Each line below is to be repeated exactly; any picture is to be left out.
====== Data shown
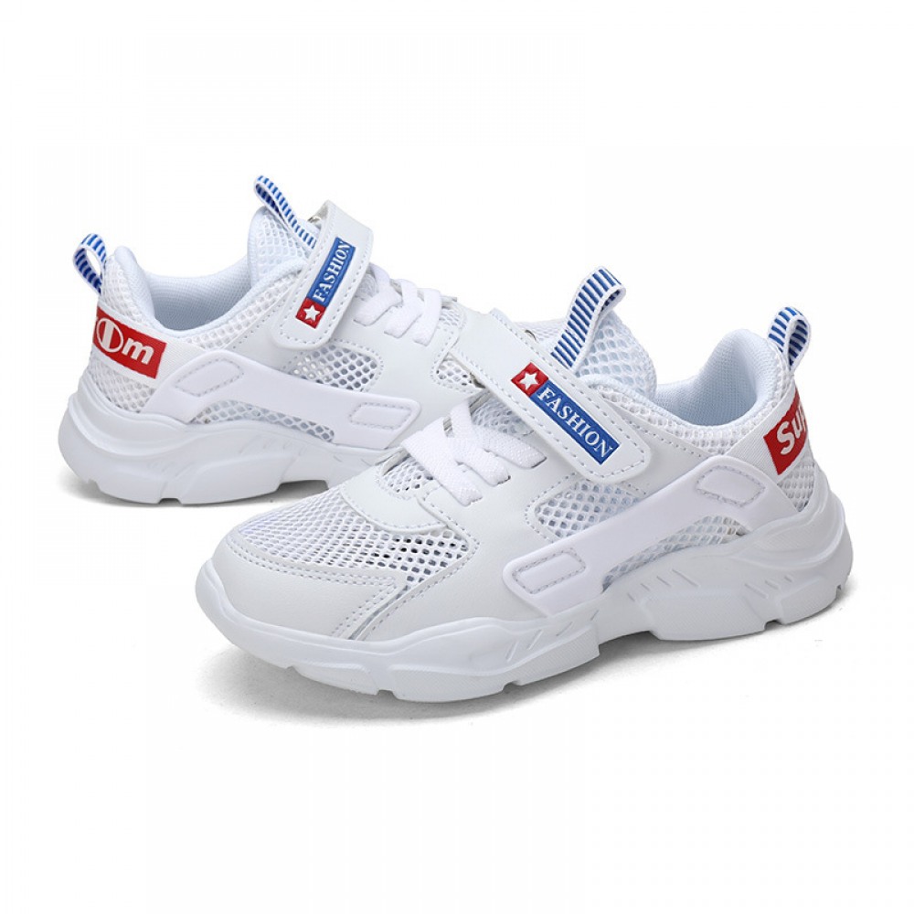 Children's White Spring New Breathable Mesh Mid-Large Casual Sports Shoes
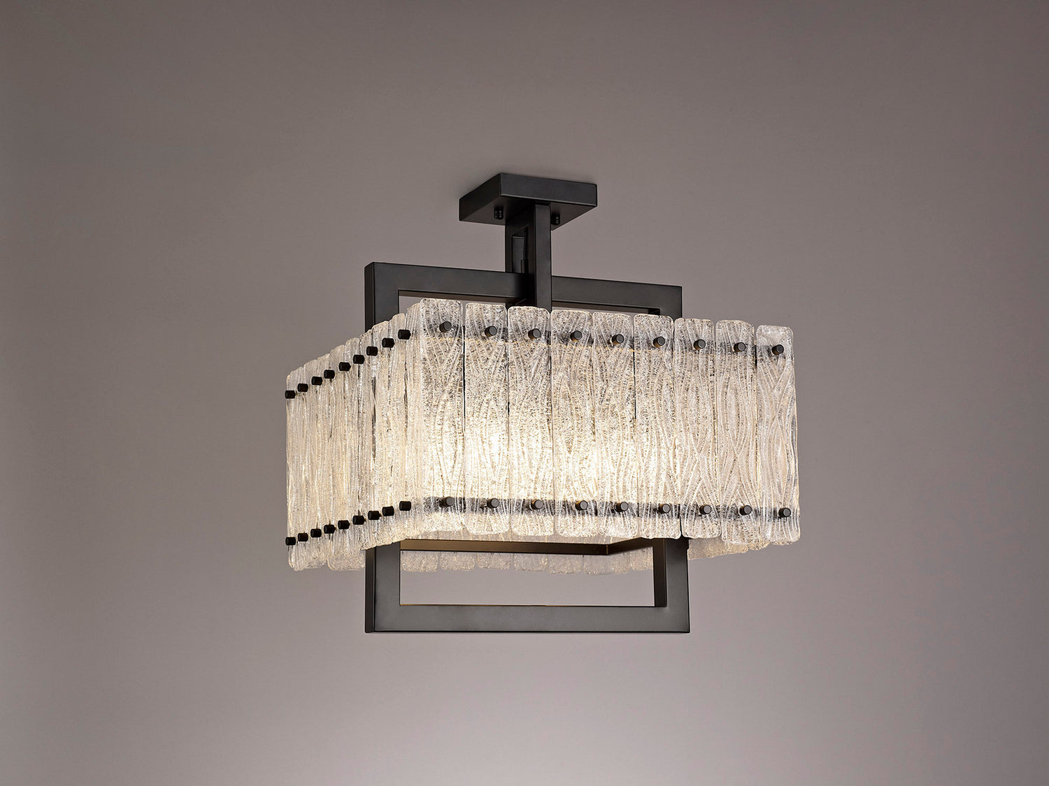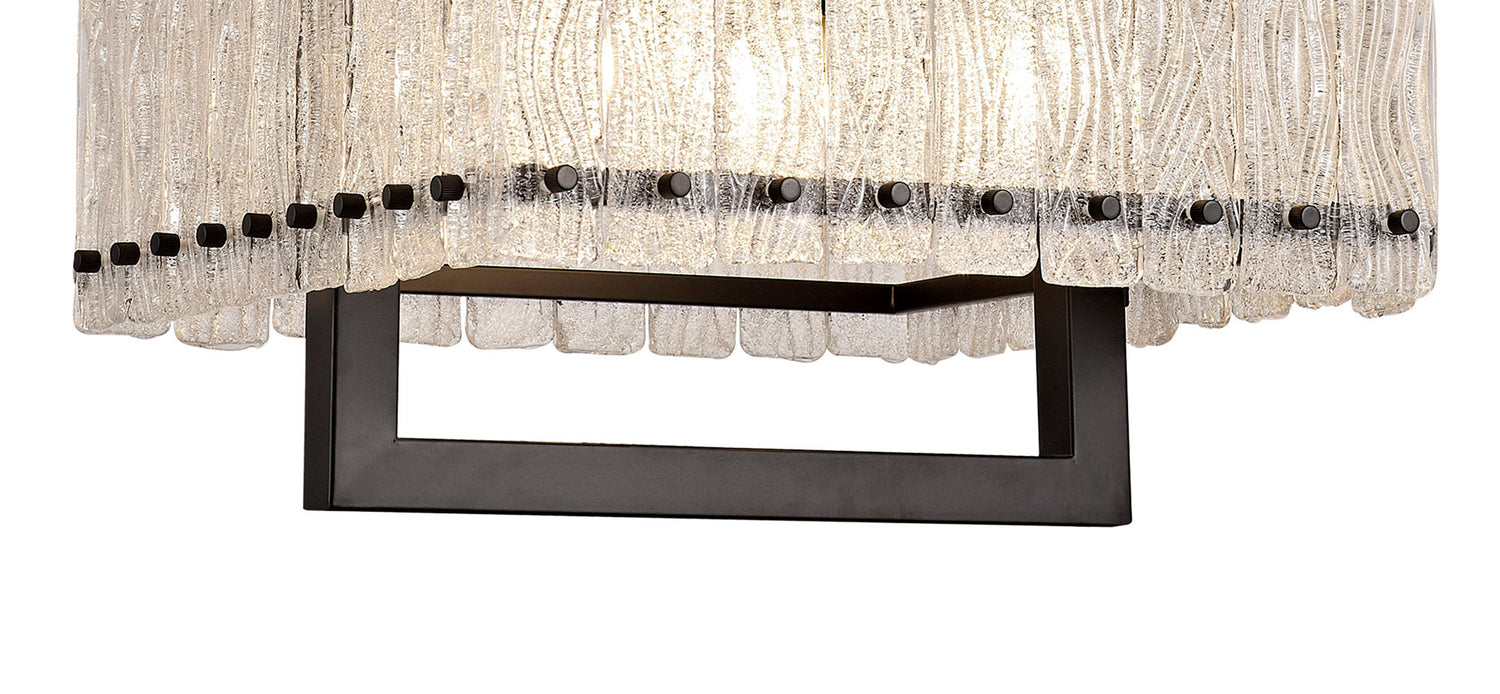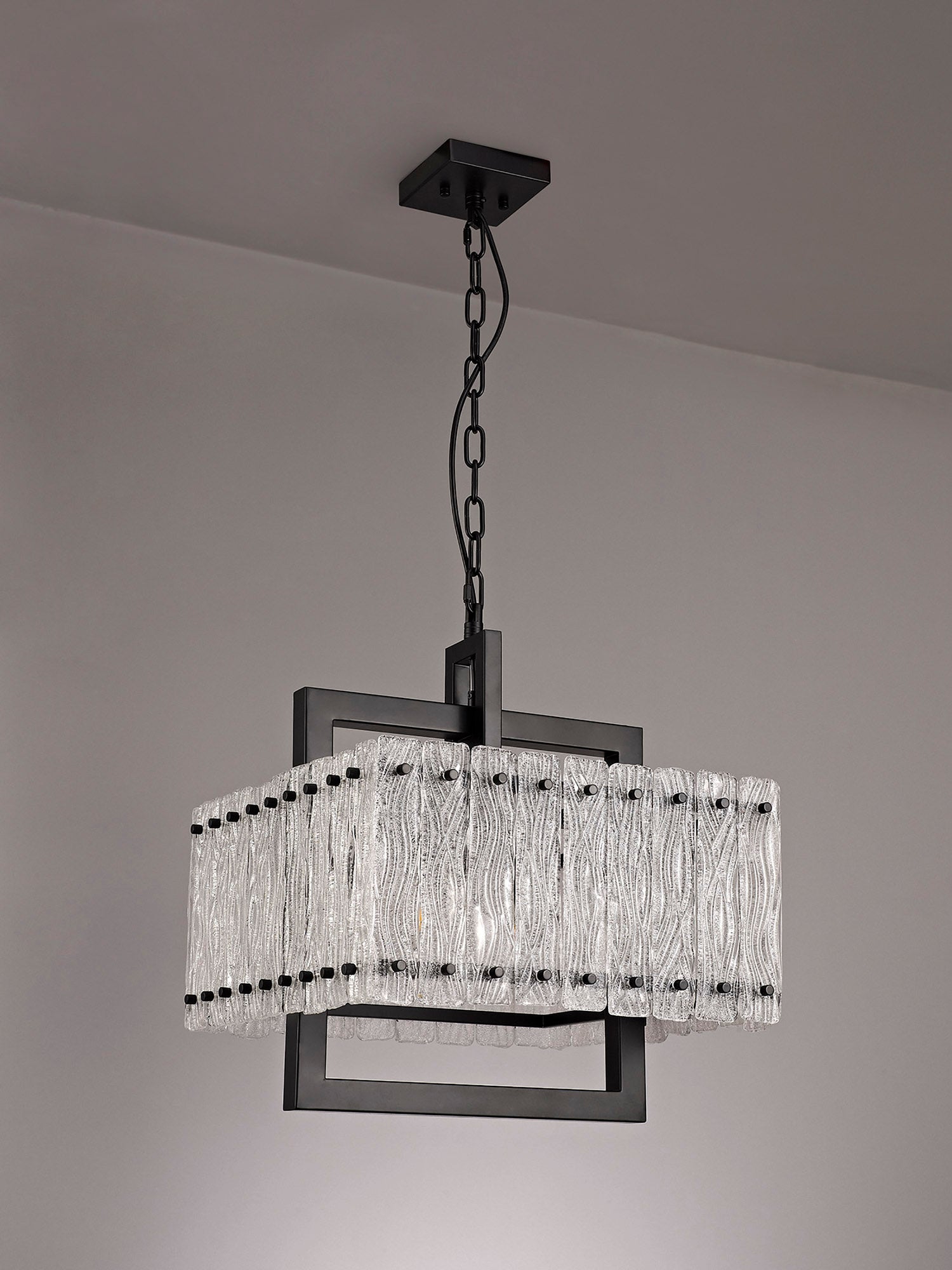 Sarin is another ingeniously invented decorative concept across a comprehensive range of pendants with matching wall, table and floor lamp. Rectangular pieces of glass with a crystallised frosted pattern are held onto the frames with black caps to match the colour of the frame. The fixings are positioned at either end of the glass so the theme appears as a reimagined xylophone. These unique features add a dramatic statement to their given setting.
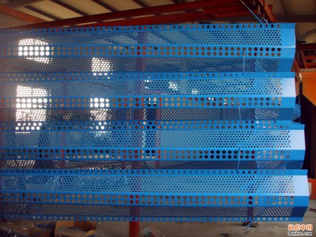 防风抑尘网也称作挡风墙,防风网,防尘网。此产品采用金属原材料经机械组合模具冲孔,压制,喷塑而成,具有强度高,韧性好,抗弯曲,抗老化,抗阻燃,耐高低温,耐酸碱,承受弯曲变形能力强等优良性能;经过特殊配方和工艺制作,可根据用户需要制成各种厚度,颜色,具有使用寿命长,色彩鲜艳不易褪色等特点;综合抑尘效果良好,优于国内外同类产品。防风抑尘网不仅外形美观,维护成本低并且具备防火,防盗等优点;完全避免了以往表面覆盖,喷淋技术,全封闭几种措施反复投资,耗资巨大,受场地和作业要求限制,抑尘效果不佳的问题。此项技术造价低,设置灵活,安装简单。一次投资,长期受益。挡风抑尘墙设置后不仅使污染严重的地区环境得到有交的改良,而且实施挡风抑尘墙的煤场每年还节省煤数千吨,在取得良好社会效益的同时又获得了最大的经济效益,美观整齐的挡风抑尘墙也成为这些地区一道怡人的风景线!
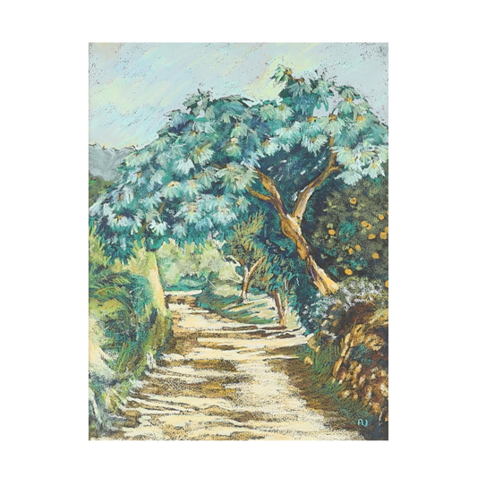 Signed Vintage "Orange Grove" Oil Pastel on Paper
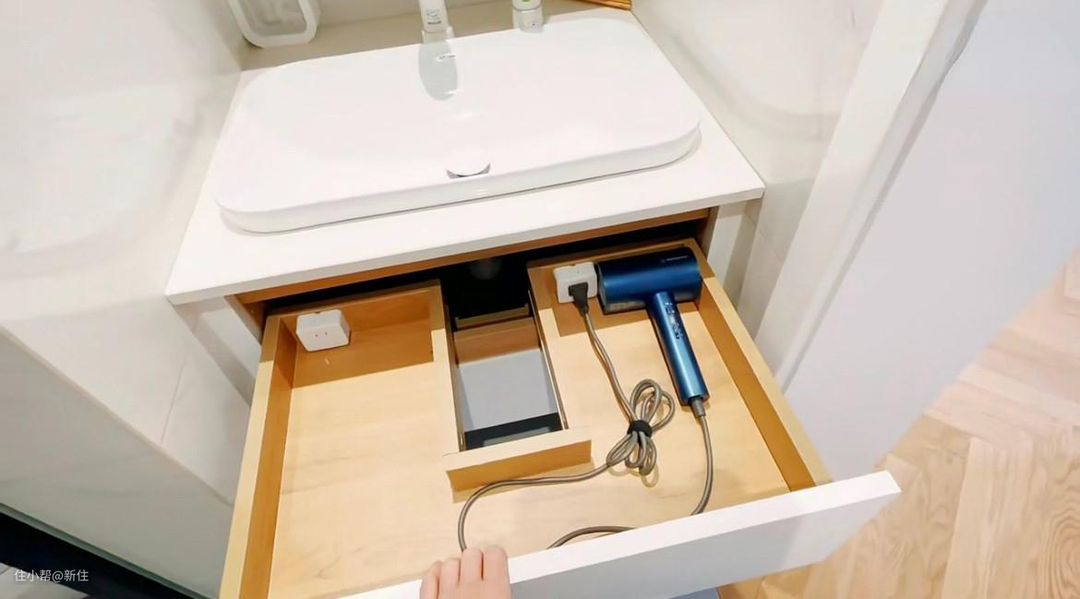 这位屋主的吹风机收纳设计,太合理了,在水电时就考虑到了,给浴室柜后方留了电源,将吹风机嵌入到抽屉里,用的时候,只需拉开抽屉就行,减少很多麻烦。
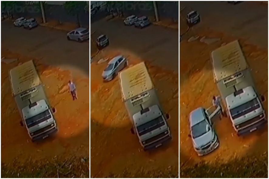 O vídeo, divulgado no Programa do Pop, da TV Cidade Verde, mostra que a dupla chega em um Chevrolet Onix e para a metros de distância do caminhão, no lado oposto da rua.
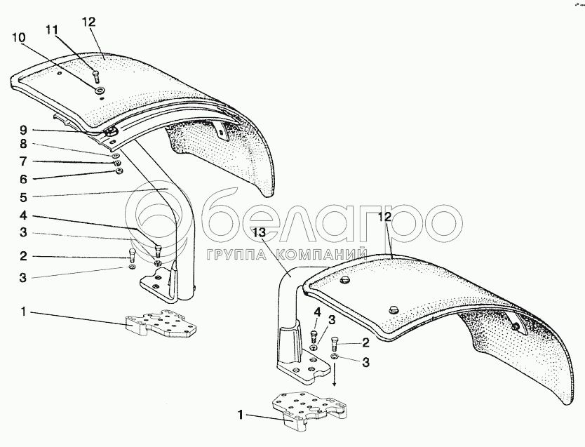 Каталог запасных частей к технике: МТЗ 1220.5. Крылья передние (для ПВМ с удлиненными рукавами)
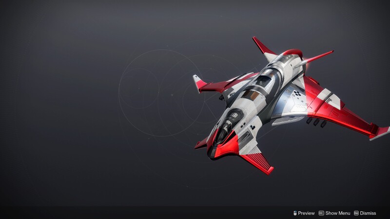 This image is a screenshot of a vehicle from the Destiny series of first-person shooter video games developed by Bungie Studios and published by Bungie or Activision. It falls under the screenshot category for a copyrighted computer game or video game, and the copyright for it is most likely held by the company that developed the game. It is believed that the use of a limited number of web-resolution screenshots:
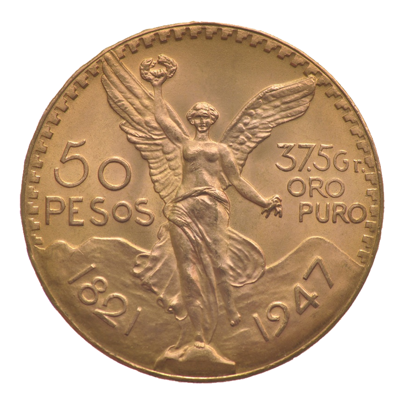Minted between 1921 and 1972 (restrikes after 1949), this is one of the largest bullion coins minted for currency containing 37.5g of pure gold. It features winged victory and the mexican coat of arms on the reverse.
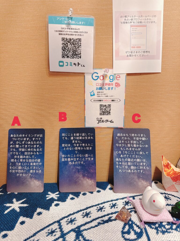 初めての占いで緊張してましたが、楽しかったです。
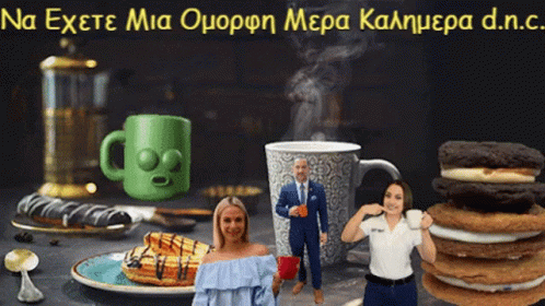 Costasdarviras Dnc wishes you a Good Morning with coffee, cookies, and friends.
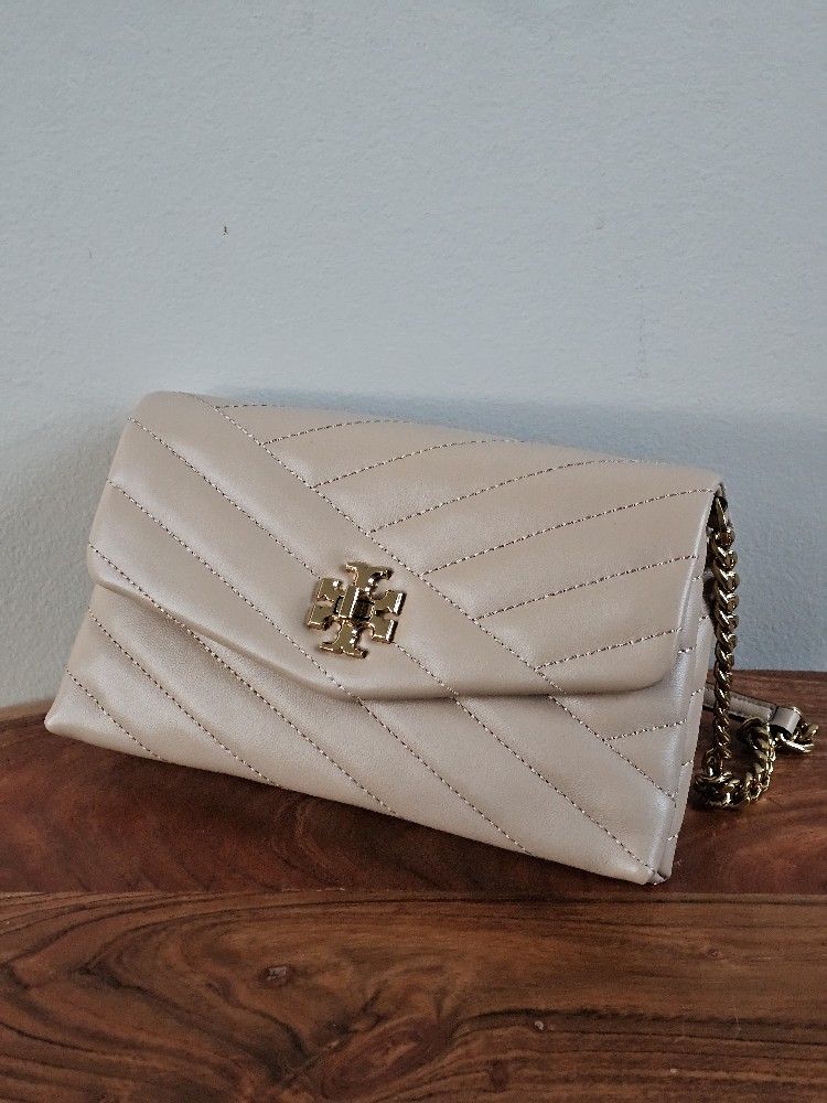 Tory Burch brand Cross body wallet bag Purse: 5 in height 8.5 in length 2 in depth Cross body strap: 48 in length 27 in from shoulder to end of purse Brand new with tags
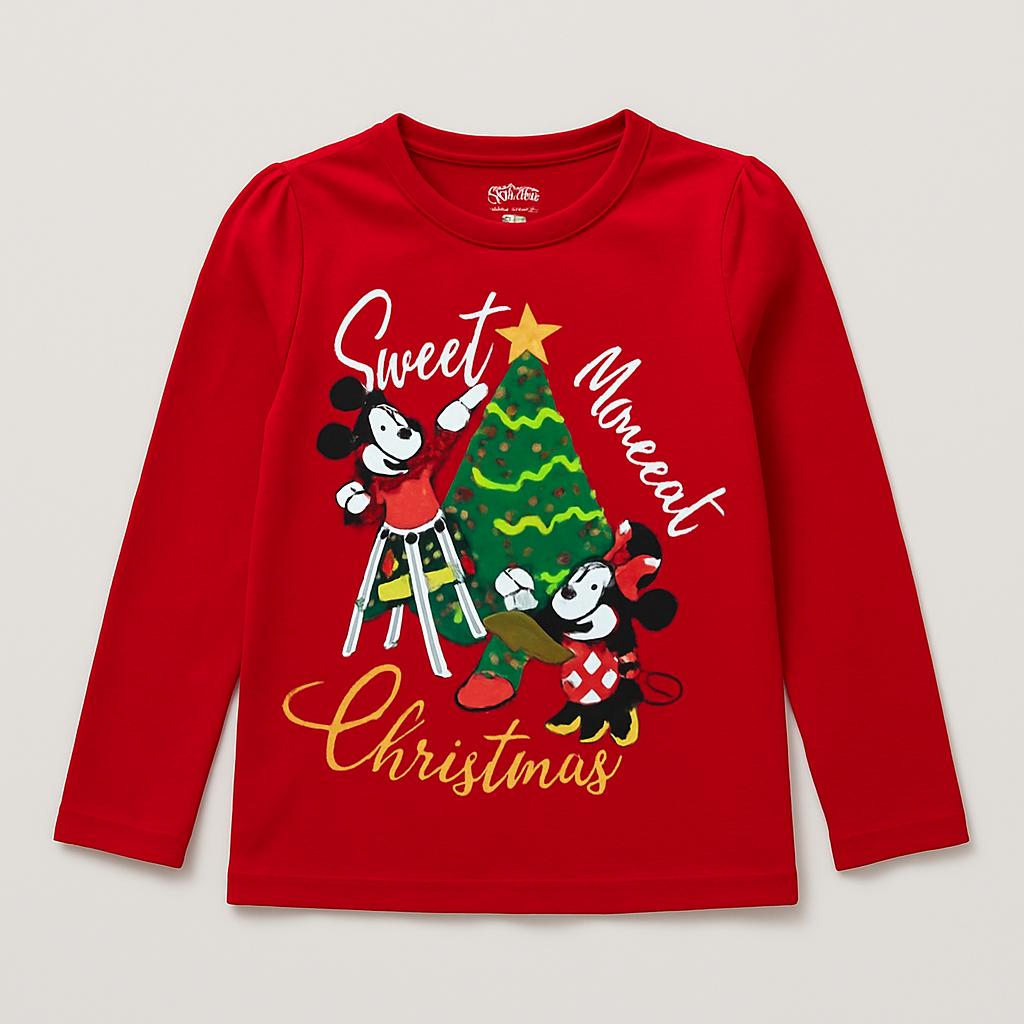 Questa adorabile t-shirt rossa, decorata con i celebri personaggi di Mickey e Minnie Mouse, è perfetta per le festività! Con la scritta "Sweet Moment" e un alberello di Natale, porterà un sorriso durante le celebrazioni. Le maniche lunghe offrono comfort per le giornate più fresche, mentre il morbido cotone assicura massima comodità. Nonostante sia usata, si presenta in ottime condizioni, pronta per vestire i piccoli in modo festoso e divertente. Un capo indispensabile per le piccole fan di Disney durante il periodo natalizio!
============
▶ _Answer to this problem_:
 Children's White Spring New Breathable Mesh Mid-Large Casual Sports Shoes
 Sarin is another ingeniously invented decorative concept across a comprehensive range of pendants with matching wall, table and floor lamp. Rectangular pieces of glass with a crystallised frosted pattern are held onto the frames with black caps to match the colour of the frame. The fixings are positioned at either end of the glass so the theme appears as a reimagined xylophone. These unique features add a dramatic statement to their given setting.
 防风抑尘网也称作挡风墙,防风网,防尘网。此产品采用金属原材料经机械组合模具冲孔,压制,喷塑而成,具有强度高,韧性好,抗弯曲,抗老化,抗阻燃,耐高低温,耐酸碱,承受弯曲变形能力强等优良性能;经过特殊配方和工艺制作,可根据用户需要制成各种厚度,颜色,具有使用寿命长,色彩鲜艳不易褪色等特点;综合抑尘效果良好,优于国内外同类产品。防风抑尘网不仅外形美观,维护成本低并且具备防火,防盗等优点;完全避免了以往表面覆盖,喷淋技术,全封闭几种措施反复投资,耗资巨大,受场地和作业要求限制,抑尘效果不佳的问题。此项技术造价低,设置灵活,安装简单。一次投资,长期受益。挡风抑尘墙设置后不仅使污染严重的地区环境得到有交的改良,而且实施挡风抑尘墙的煤场每年还节省煤数千吨,在取得良好社会效益的同时又获得了最大的经济效益,美观整齐的挡风抑尘墙也成为这些地区一道怡人的风景线!
 Signed Vintage "Orange Grove" Oil Pastel on Paper
 这位屋主的吹风机收纳设计,太合理了,在水电时就考虑到了,给浴室柜后方留了电源,将吹风机嵌入到抽屉里,用的时候,只需拉开抽屉就行,减少很多麻烦。
 O vídeo, divulgado no Programa do Pop, da TV Cidade Verde, mostra que a dupla chega em um Chevrolet Onix e para a metros de distância do caminhão, no lado oposto da rua.
 Каталог запасных частей к технике: МТЗ 1220.5. Крылья передние (для ПВМ с удлиненными рукавами)
 This image is a screenshot of a vehicle from the Destiny series of first-person shooter video games developed by Bungie Studios and published by Bungie or Activision. It falls under the screenshot category for a copyrighted computer game or video game, and the copyright for it is most likely held by the company that developed the game. It is believed that the use of a limited number of web-resolution screenshots:
Minted between 1921 and 1972 (restrikes after 1949), this is one of the largest bullion coins minted for currency containing 37.5g of pure gold. It features winged victory and the mexican coat of arms on the reverse.
 初めての占いで緊張してましたが、楽しかったです。
 Costasdarviras Dnc wishes you a Good Morning with coffee, cookies, and friends.
 Tory Burch brand Cross body wallet bag Purse: 5 in height 8.5 in length 2 in depth Cross body strap: 48 in length 27 in from shoulder to end of purse Brand new with tags
 Questa adorabile t-shirt rossa, decorata con i celebri personaggi di Mickey e Minnie Mouse, è perfetta per le festività! Con la scritta "Sweet Moment" e un alberello di Natale, porterà un sorriso durante le celebrazioni. Le maniche lunghe offrono comfort per le giornate più fresche, mentre il morbido cotone assicura massima comodità. Nonostante sia usata, si presenta in ottime condizioni, pronta per vestire i piccoli in modo festoso e divertente. Un capo indispensabile per le piccole fan di Disney durante il periodo natalizio!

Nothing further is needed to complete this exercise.